§ Collected material:

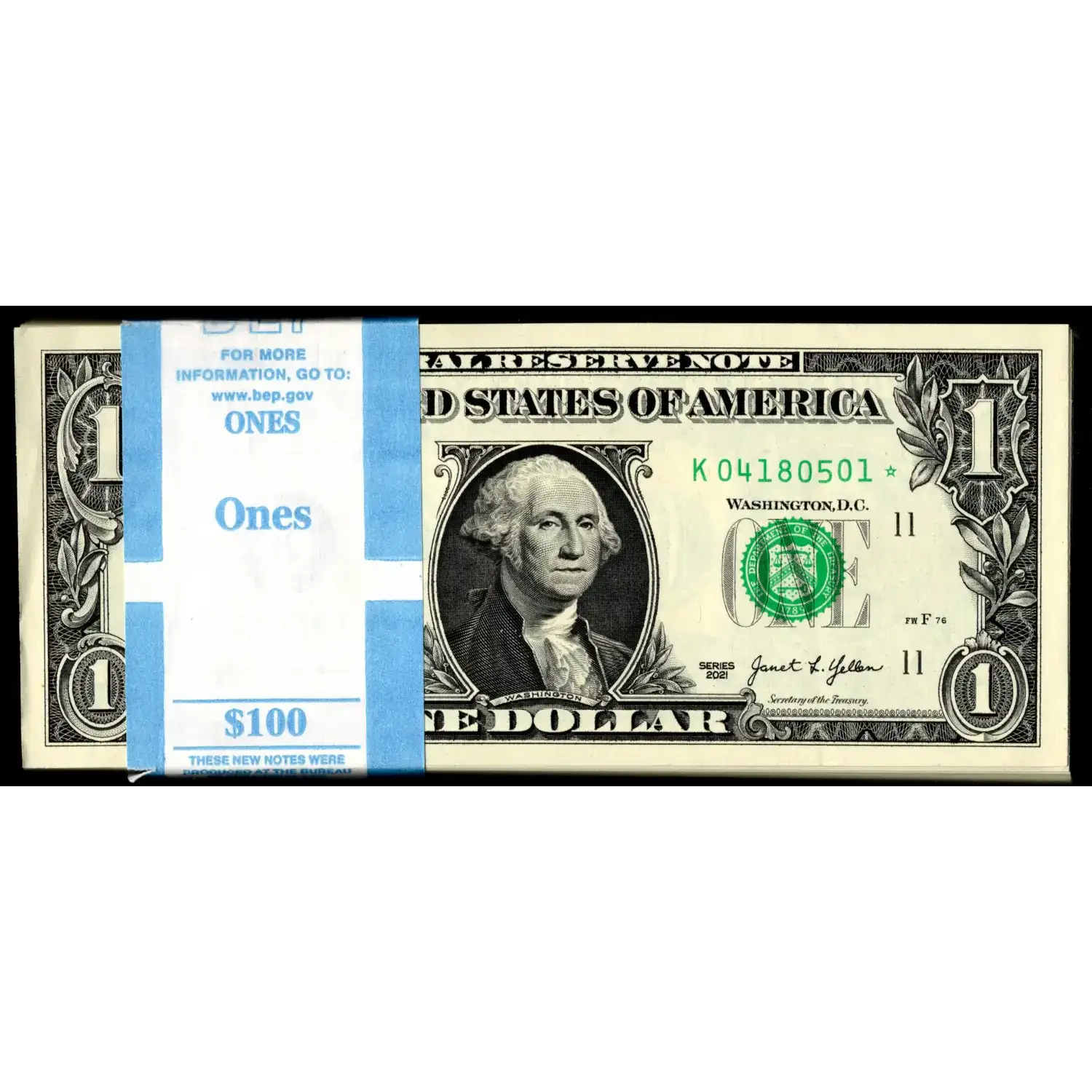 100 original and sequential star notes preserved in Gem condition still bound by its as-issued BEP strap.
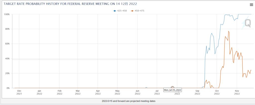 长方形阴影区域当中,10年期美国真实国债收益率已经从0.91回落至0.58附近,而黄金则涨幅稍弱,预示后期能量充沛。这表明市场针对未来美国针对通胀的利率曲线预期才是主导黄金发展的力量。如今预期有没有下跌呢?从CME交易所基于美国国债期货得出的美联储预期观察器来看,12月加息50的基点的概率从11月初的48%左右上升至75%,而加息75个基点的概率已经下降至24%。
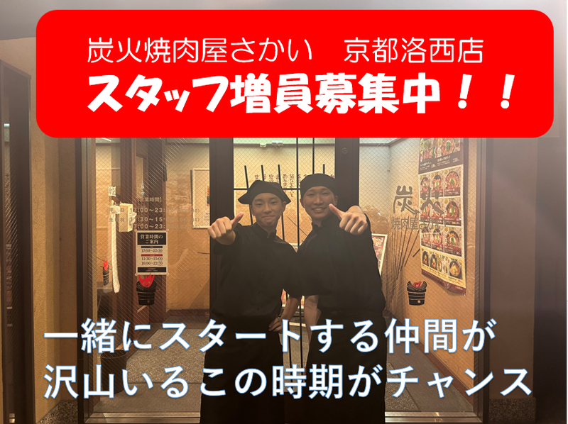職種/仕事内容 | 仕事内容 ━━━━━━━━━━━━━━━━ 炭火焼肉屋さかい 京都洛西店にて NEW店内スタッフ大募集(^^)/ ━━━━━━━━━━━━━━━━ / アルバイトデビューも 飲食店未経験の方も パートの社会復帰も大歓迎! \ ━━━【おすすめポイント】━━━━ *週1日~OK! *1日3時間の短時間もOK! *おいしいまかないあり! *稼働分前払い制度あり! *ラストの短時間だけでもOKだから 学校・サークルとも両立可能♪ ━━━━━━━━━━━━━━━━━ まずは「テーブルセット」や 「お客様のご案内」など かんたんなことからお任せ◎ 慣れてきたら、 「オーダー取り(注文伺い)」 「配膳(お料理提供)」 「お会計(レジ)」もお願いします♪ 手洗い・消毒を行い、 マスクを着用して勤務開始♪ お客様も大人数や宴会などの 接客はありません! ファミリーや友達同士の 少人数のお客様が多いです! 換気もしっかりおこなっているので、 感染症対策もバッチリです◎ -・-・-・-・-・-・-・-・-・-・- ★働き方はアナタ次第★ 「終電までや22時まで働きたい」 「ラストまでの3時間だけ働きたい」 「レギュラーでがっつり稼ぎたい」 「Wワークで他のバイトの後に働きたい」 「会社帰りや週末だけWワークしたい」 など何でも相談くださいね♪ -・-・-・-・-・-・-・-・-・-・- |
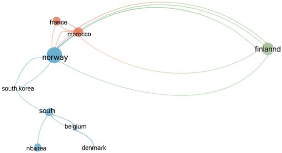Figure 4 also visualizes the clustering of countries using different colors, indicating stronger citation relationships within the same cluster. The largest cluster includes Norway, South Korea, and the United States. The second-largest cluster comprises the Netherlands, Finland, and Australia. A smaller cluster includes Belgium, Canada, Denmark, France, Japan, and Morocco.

§ Problem: Return the complete material above exactly, with no picture.

§ Expected answer:
 100 original and sequential star notes preserved in Gem condition still bound by its as-issued BEP strap.
 长方形阴影区域当中,10年期美国真实国债收益率已经从0.91回落至0.58附近,而黄金则涨幅稍弱,预示后期能量充沛。这表明市场针对未来美国针对通胀的利率曲线预期才是主导黄金发展的力量。如今预期有没有下跌呢?从CME交易所基于美国国债期货得出的美联储预期观察器来看,12月加息50的基点的概率从11月初的48%左右上升至75%,而加息75个基点的概率已经下降至24%。
職種/仕事内容 | 仕事内容 ━━━━━━━━━━━━━━━━ 炭火焼肉屋さかい 京都洛西店にて NEW店内スタッフ大募集(^^)/ ━━━━━━━━━━━━━━━━ / アルバイトデビューも 飲食店未経験の方も パートの社会復帰も大歓迎! \ ━━━【おすすめポイント】━━━━ *週1日~OK! *1日3時間の短時間もOK! *おいしいまかないあり! *稼働分前払い制度あり! *ラストの短時間だけでもOKだから 学校・サークルとも両立可能♪ ━━━━━━━━━━━━━━━━━ まずは「テーブルセット」や 「お客様のご案内」など かんたんなことからお任せ◎ 慣れてきたら、 「オーダー取り(注文伺い)」 「配膳(お料理提供)」 「お会計(レジ)」もお願いします♪ 手洗い・消毒を行い、 マスクを着用して勤務開始♪ お客様も大人数や宴会などの 接客はありません! ファミリーや友達同士の 少人数のお客様が多いです! 換気もしっかりおこなっているので、 感染症対策もバッチリです◎ -・-・-・-・-・-・-・-・-・-・- ★働き方はアナタ次第★ 「終電までや22時まで働きたい」 「ラストまでの3時間だけ働きたい」 「レギュラーでがっつり稼ぎたい」 「Wワークで他のバイトの後に働きたい」 「会社帰りや週末だけWワークしたい」 など何でも相談くださいね♪ -・-・-・-・-・-・-・-・-・-・- |
Figure 4 also visualizes the clustering of countries using different colors, indicating stronger citation relationships within the same cluster. The largest cluster includes Norway, South Korea, and the United States. The second-largest cluster comprises the Netherlands, Finland, and Australia. A smaller cluster includes Belgium, Canada, Denmark, France, Japan, and Morocco.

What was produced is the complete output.